Genus-level microbiota analysis identified the top 15 most significantly altered taxa (p < 0.05) (Figures 3G, H). Correlation heatmap analysis revealed significant associations between gut microbiota composition and levels of inflammatory factors (TNF-α, IL-1β and IL-6), oxidative regulators (SOD, GSH, MDA and T-AOC), and senescence biomarkers (P21 and P53) (r < |0.6|, Figure 3I). Specifically, GSPM treatment increased Lactobacillus abundance, which was negatively correlated with levels of inflammatory factors, MDA, Aβ1-42, p-Tau, and senescence biomarkers (P21 and P53) and positively correlated with p-AMPK signaling. Moreover, the abundances of Oscillibacter, Roseburia, Colidextribacter, Helicobacter, Odoribacter, and Lachnospiraceae were reduced upon GSPM treatment.
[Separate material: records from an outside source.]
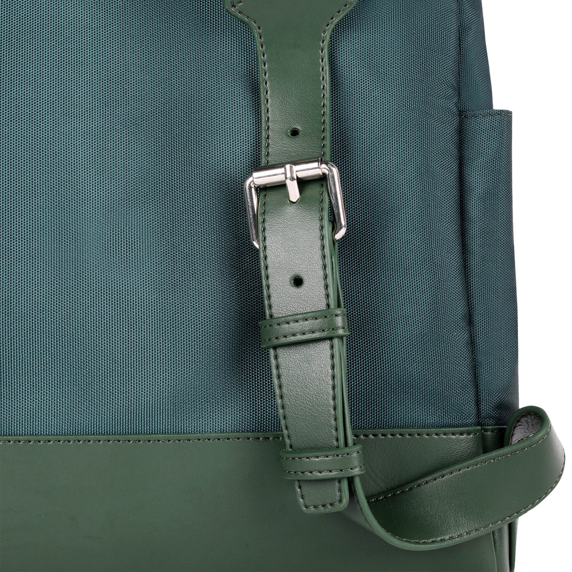 Adjustable shoulder straps with metallic buckle and leather accents for comfort and fit.
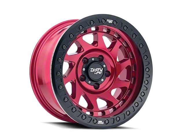 Dirty Life Enigma Race Crimson Candy Red 6-Lug Wheel; 17x9; -38mm Offset exudes sophistication with its finish, offering a sleek and modern appeal to any vehicle it adorns. The design is meticulously crafted to enhance the aesthetic of your vehicle, giving it a distinctive and upscale look. Perfect for those seeking to elevate their vehicle's style, this wheel blends seamlessly with both contemporary and classic vehicle designs, making it a versatile choice for a wide range of vehicles. Its robust construction ensures durability, making it a reliable choice for drivers who value both style and quality.
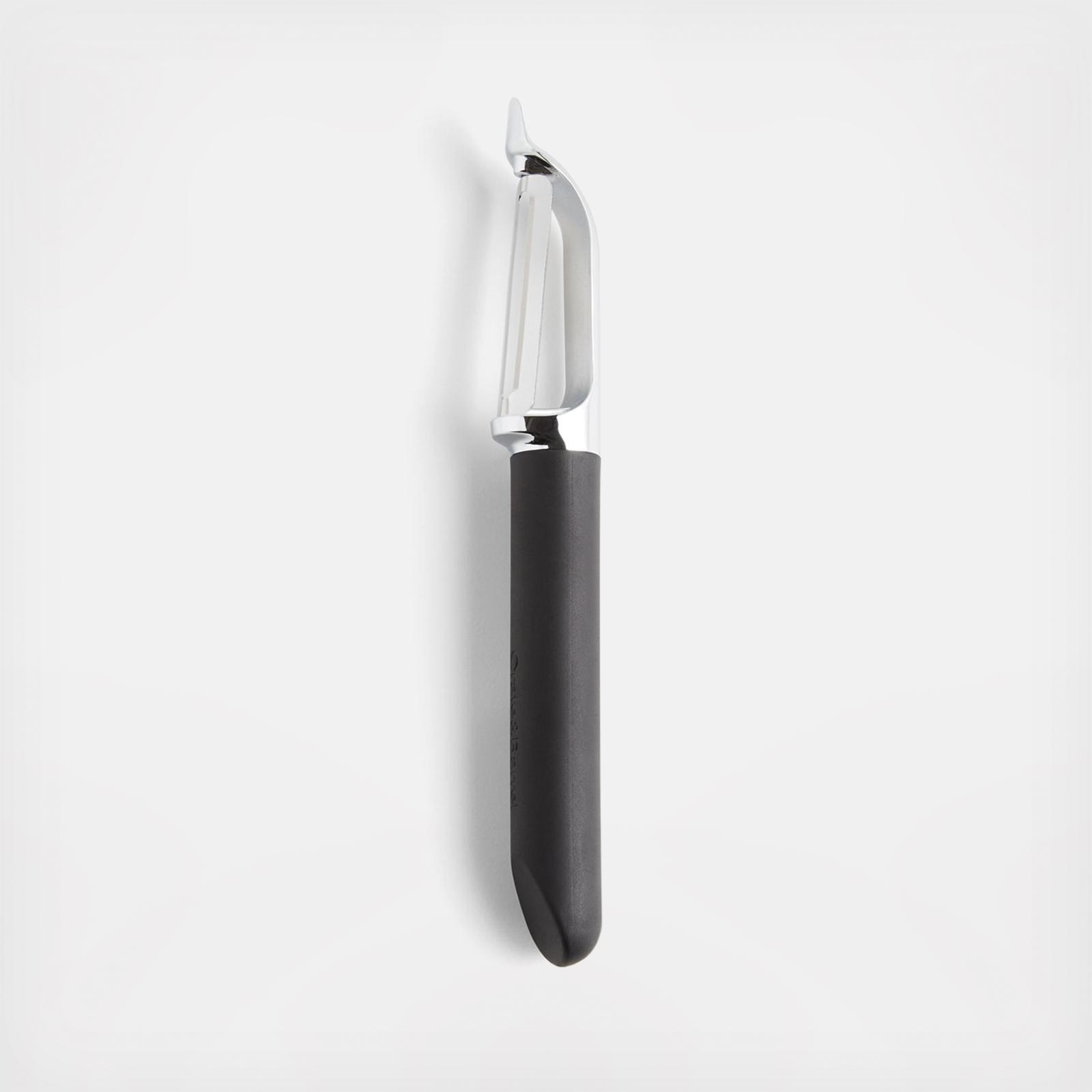 Peel potatoes, cucumbers and butternut squash with ease using the signature peeler. Crafted with a swivel blade, the dishwasher-safe tool glides smoothly over fruits and vegetables, allowing you to peel in both directions. Die-cast zinc shapes a sleek utensil fitted with a black soft-touch handle for a sturdy, comfortable grip. Love the way the refined beveled edge finishes the handle with a dynamic detail. The exclusive soft-touch tools make for a well-outfitted workspace that’s up to any cooking challenge.

Among them, Oscillibacter was negatively correlated with levels of SOD, GSH, T-AOC and SIRT1; Colidextribacter was positively correlated with levels of Aβ1-42 and TNF-α and negatively correlated with SIRT1; Helicobacter was positively correlated with levels of IL-1β, IL-6, Aβ1-40 and negatively correlated with SIRT1 and p-AMPK/AMPK; Odoribacter was positively correlated with inflammatory factors, oxidative regulators, senescence biomarkers and Aβ1-40, Aβ1-42, and p-Tau and negatively correlated with SIRT1 and p-AMPK/AMPK. These data indicated that gut microbiota is closely correlated with inflammation, oxidative response, and AMPK-SIRT1 signaling pathway.
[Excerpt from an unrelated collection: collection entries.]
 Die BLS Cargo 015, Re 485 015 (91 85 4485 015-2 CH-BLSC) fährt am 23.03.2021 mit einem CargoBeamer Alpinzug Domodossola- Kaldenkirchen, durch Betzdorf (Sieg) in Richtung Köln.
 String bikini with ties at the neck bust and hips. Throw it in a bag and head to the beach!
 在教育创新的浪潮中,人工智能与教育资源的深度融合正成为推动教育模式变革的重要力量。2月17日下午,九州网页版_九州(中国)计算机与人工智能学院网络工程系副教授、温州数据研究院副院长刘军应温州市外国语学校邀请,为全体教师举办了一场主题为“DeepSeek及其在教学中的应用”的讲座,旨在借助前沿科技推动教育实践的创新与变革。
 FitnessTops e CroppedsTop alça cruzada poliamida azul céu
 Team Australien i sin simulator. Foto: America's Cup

To assess the protective effects of GSPM, we established an in vitro model using Aβ1-42-stimulated mouse hippocampal neurons HT22. As shown in Figure 4A, compared with the model group, GSPM treatment significantly increased the cell viability of HT22 cells in a dose-dependent manner. Additionally, GSPM treatment reduced cell apoptosis, as evidenced by increased Bcl-2 levels and decreased Bax and cleaved caspase-3 levels (Figures 4B, C). We next analyzed the expression of oxidative stress-related factors and inflammatory cytokines. As shown in Figure 5A, SOD activity and GSH levels were significantly reduced in the model group relative to the control group, while GSPM treatment dose-dependently restored these levels. Furthermore, GSPM treatment notably decreased the production, mRNA, and protein expression levels of pro-inflammatory cytokines TNF-α, IL-1β, and IL-6 when compared to the model group (Figures 5B–D).

Figure 4. GSPM alleviates neuron death in vitro. HT22 cells were stimulated with Aβ1-42 and treated with GSPM at low and high doses. (A) Cell viability and (B) apoptosis were detected by CCK-8 and flow cytometry, respectively. (C) Protein levels of Bcl-2, Bax, cleaved-caspase 3, and caspase 3 were measured by Western blotting. *p < 0.05, **p < 0.01, ***p < 0.001 vs. SAMR1 group; #p < 0.05, ##p < 0.01, ###p < 0.001 vs. SAMP8 group.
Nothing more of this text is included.